Opportunities were indeed very few. "Back then," Mrs. Parks recalled in an interview, "we didn't have any civil rights. It was just a matter of survival, of existing from one day to the next. I remember going to sleep as a girl hearing the Klan ride at night and hearing a lynching and being afraid the house would burn down." In the same interview, she noted her lifelong acquaintance with fear as the reason for her fearlessness in deciding to appeal her conviction during the bus boycott. "I didn't have any special fear," she said. "It was more of a relief to know that I wasn't alone."
Her Untold Story
Many people think Rosa Parks story began that day on the bus, but what they don't know is that prior to her arrest, Mrs. Parks had a firm and quiet strength to change things that were unjust. She worked as a secretary of the NAACP and later as an adviser to the NAACP youth council. She was determined to work for many years to improve the lot of African-Americans in the segregated south.

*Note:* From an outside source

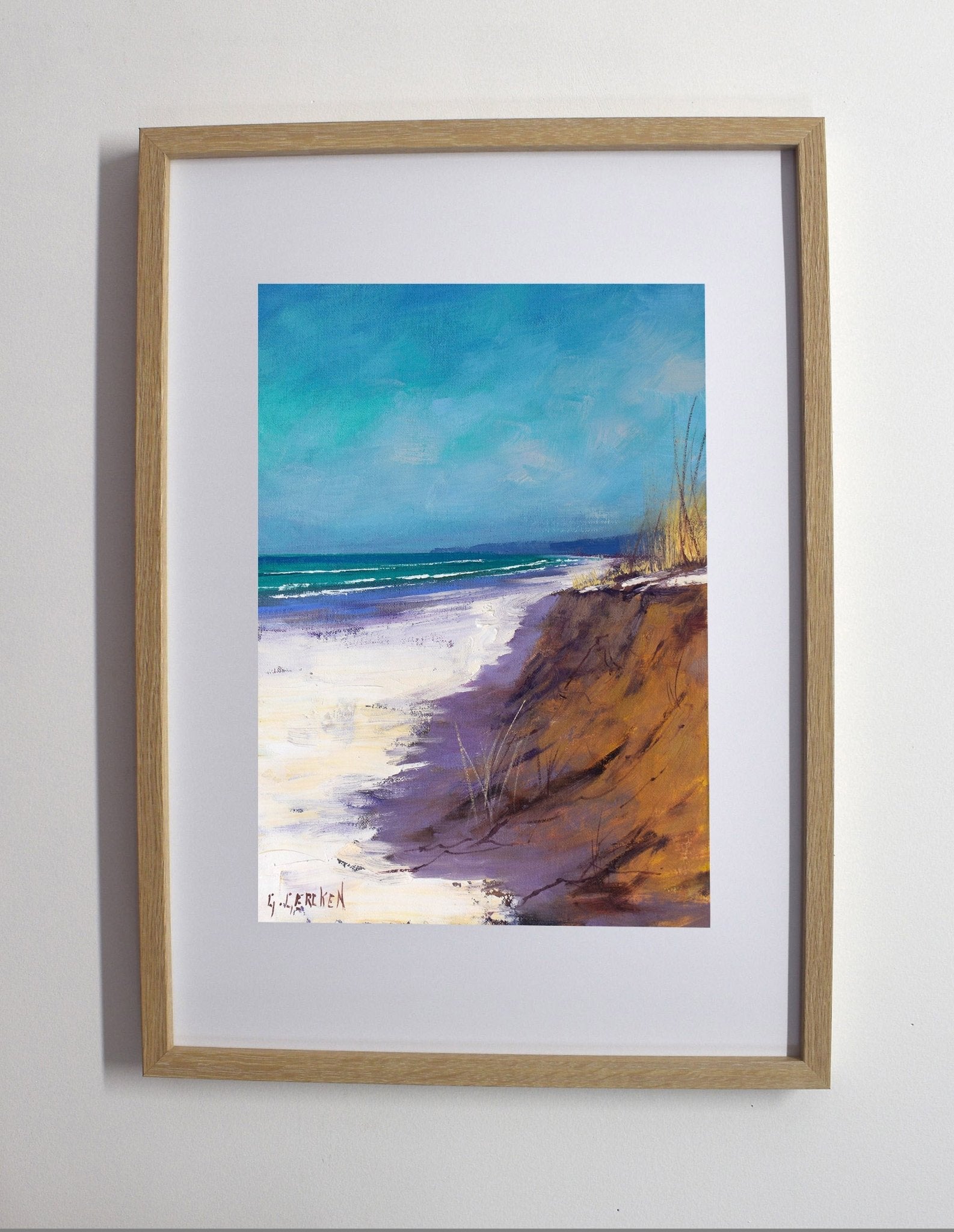 Framed Beach oil painting by Graham Gercken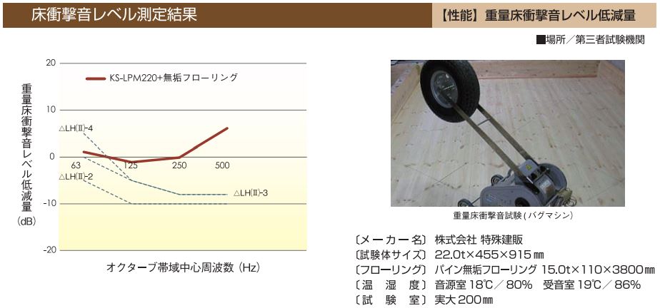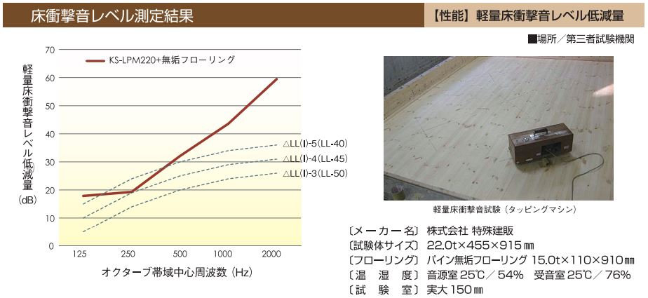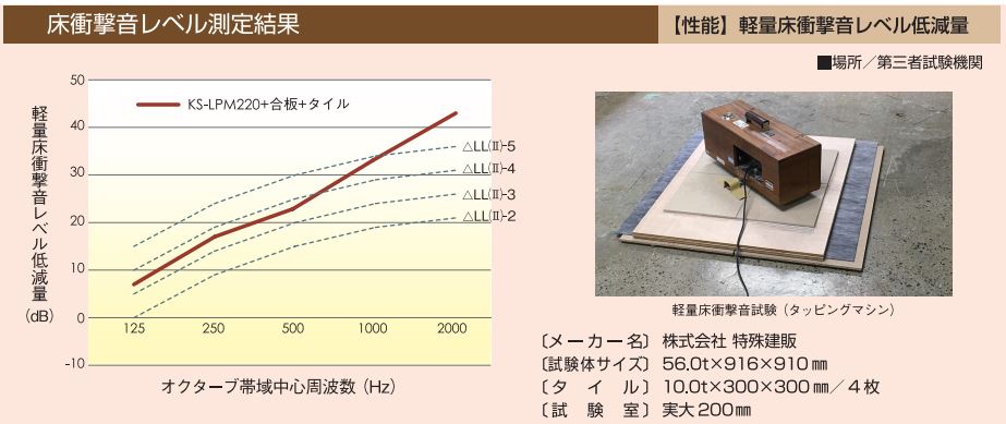防音・遮音材の厚さは〔わずか22mmで防音性能 ⊿ LL(1)-4(LL-45) を達成〕しています(第三者試験機関にて測定)

She also tried to vote on several occasions when it was still nearly impossible. She had many run-ins with bus drivers and was evicted from buses. Parks recalls the humiliation: "I didn't want to pay my fare and then go around the back door, because many times, even if you did that, you might not get on the bus at all. They'd probably shut the door, drive off, and leave you standing there."
The Rest is History
Rosa Parks's arrest and trial resulted in a 381-day Montgomery bus boycott, and, finally, the Supreme Court's ruling in November 1956 that segregation on transportation is unconstitutional.
Even after her arrest she suffered hardships as a result of the boycott. She lost her job at the department store she worked at, and her husband quit his job after his boss forbade him from talking about his wife or the legal case.
In 1957, Mrs. Parks and her husband moved to Detroit, Michigan where Mrs. Parks served on the staff of U.S. Representative John Conyers. The Southern Christian Leadership Council established an annual Rosa Parks Freedom Award in her honor.
After the death of her husband in 1977, Rosa Parks and Elaine Eason Steele co-founded the Rosa and Raymond Parks Institute for Self-Development. The institute runs "Pathways to Freedom" bus tours, which introduce young people to important civil rights and Underground Railroad sites throughout the country.
A Legacy Not to be Forgotten
Rosa Parks lived a brave life, and she died at the age of 92 on October 24, 2005. City officials in Montgomery and Detroit announced on October 27, 2005 that the front seats of their city buses would be reserved with black ribbons in honor of Parks until her funeral.
During Black History Month and throughout the entire year, it is good to be reminded of the brave steps that people like Rosa Parks took to promote freedom and equality in this country. We hope in 2009 we can all think of small ways in which we can help make the world a better place for everyone, and we can uphold the legacy left before us by people like Mrs. Parks.